Getijdenenergiebedrijf Tocardo plaatste in 2015 vijf getijdenturbines in de Oosterschelde, maar ging onlangs voor de tweede keer failliet (foto: Tocardo).

Ruim 10 procent van de Nederlandse vraag naar duurzame elektriciteit kan uit water komen. Sommige technieken zijn direct inzetbaar, terwijl anderen opschaling via proefprojecten nodig hebben om de verdere ontwikkeling te stimuleren. Dat blijkt uit het recent verschenen rapport ‘Perspectieven elektriciteit uit water’ van Witteveen+Bos en CE-Delft in opdracht van STOWA, Rijkswaterstaat en het ministerie van IenW.

Volgens het Klimaatakkoord moet in 2030 80 procent van de elektriciteit worden opgewekt uit duurzame bronnen. In 2050 moet dat vrijwel 100 procent zijn. Wind en zon zijn momenteel de enige bronnen om deze ambitie te behalen. Van de totale elektriciteitsproductie in Nederland wordt overigens nog maar 15 procent duurzaam gewonnen, zo becijferde het Centraal Bureau voor de Statistiek (CBS) in maart van dit jaar.

Ook uit water is duurzame energie te halen. Daarom brachten de adviesbureaus de potentie van duurzame energie uit water voor de toekomstige energievoorziening in kaart. Het rapport is volgens de betrokken partijen een gedegen vertrekpunt voor de routekaart Elektrische energie uit water die minister Wiebes op verzoek van de Tweede Kamer heeft toegezegd.

Marktrijpe en betaalbare technieken
Marktrijpe en betaalbare technieken die direct inzetbaar zijn, kunnen voor 2030 circa 2 procent bijdragen aan de landelijke elektriciteitsvraag. Hierbij gaat het om zonnepanelen op meren, waterkracht bij stuwen bij grote rivieren, waterkracht bij stuwen bij beken en waterlopen en slim malen. De adviesbureaus plaatsen kanttekeningen bij de toepassing van waterkracht. Het is schadelijk voor vissen. Zo is het schadepercentage voor aal 20 tot 30 procent en meer dan tien procent voor overige vissoorten bij bestaande centrales in Linne, Lith en Maurik.

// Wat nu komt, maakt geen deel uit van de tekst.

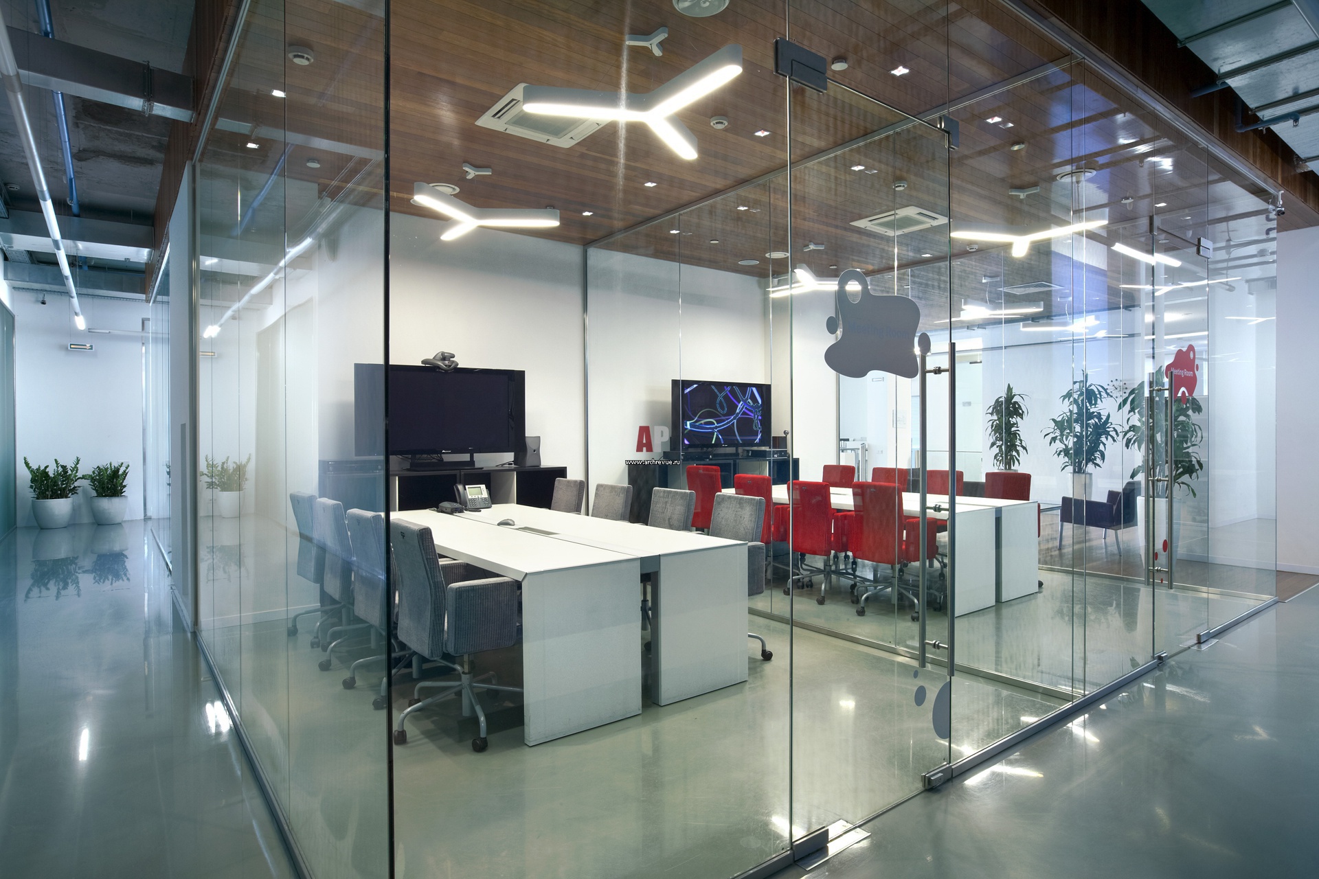 Четыре переговорные спроектированы общими блоками по две. Друг от друга и от рабочего пространства они отделены стеклянными перегородками Dorma .

Opschaling via proefprojecten
Daarnaast brengt het rapport een aantal technieken in kaart die opschaling via proefprojecten nodig hebben om de verdere ontwikkeling te stimuleren. Samen zouden zij voor 9 procent kunnen bijdragen aan de landelijke elektriciteitsvraag. Hierbij gaat het om energie uit zoet-zout verschillen, getijdenenergie met verval bij waterkeringen, getijdenenergie met stroming, golfenergie, zonnepanelen op zee en conversie naar groene waterstof.

Getijdenenergie en valmeer
De grootste potentie zien de adviesbureaus in getijdenenergie met Dynamic Tydal Power (DTP) en pompopslag met behulp van een valmeer: 55 procent van de landelijke elektriciteitsvraag. DTP is een techniek waarbij een kilometerslange strekdam in de vorm van een T in de zee wordt gebouwd, om de getijdengolf te beïnvloeden en zo een verval over deze dam te creëren. Door circa 10 procent openingen te maken voor turbines in de dam is elektriciteitsopwekking mogelijk.

Pompopslag met een valmeer is gebaseerd op meest toegepaste vorm van elektriciteitsopslag: pompcentrales met reservoirs in de bergen. Omdat er in Nederland geen bergen zijn zou een kunstmatig reservoir nodig zijn. Bijvoorbeeld in de Noordzee binnen een groot windpark.

Deze twee projecten zouden de grootste bijdrage kunnen leveren aan energie-opwek en opslag, maar vergen volgens de adviesbureaus door de omvang, complexiteit en ontbrekende financieel haalbare businesscase een sterke regierol van de (Rijksoverheid).